Chat attachments (shipped in rc/1.0.10) save dropped files to sessions/<runId>/attachments/ and expose them to every agent via three auto-injected tools: list_attachments, read_attachment, grep_attachment. Text and code work; images do not — the tools are text-only, so when an agent calls read_attachment on a PNG it either gets garbled bytes or declines to try.

Gap

Vision-capable models (Claude, most OpenAI, Ollama vision variants like llama3.2-vision / llava) can see images — but only when the image arrives as a proper image content block in the model's input, not as base64 text in a tool result. Today we have no path for that.

What we discussed

Three things we want to avoid:

  1. Magic-byte sniffing server-side — same maintenance trap as the MIME extension table we already tore out. Every new format (AVIF, HEIC, …) would force a sniffer update.
  2. Extension tables — same smell.
  3. Inline base64 in tool results — LLMs can't "see" a base64 string. Useless for vision.

Proposal on the table (deferred)

Option A — Browser-provided MIME + two explicit tools.

  • Client sends {filename, contentBase64, mimeType: file.type} on upload.
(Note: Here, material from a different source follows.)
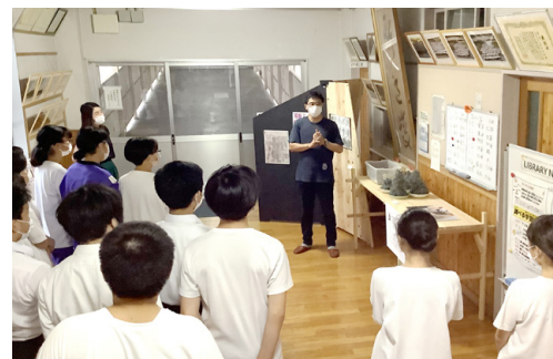
学校での出張展示「ザワメキ school キャラバン」

Browser has already set file.type (e.g. "image/png"); we just pass it through.
  • Server stores the mime alongside the file (per-file sidecar or run-level manifest).
  • list_attachments includes the mime hint so the agent knows what it's looking at:
    - screenshot.png (480103 bytes, image/png)
    - foo.py (1234 bytes, text/x-python)
    
  • Two tools, agent picks:
    • read_attachment(filename, offset?, limit?) → UTF-8 text content block.
    • view_attachment(filename) → image content block for vision-capable engines (Claude, OpenAI Responses), clean error for non-vision paths.

Zero format tables on our side, zero magic bytes. Agent dispatches based on filename/mime hint.

Option B — Inject images directly into the first user message, bypassing tools for images entirely. Closer to how ChatGPT/Claude.ai handle uploads. Requires per-engine message-building changes (each engine has a different image block shape).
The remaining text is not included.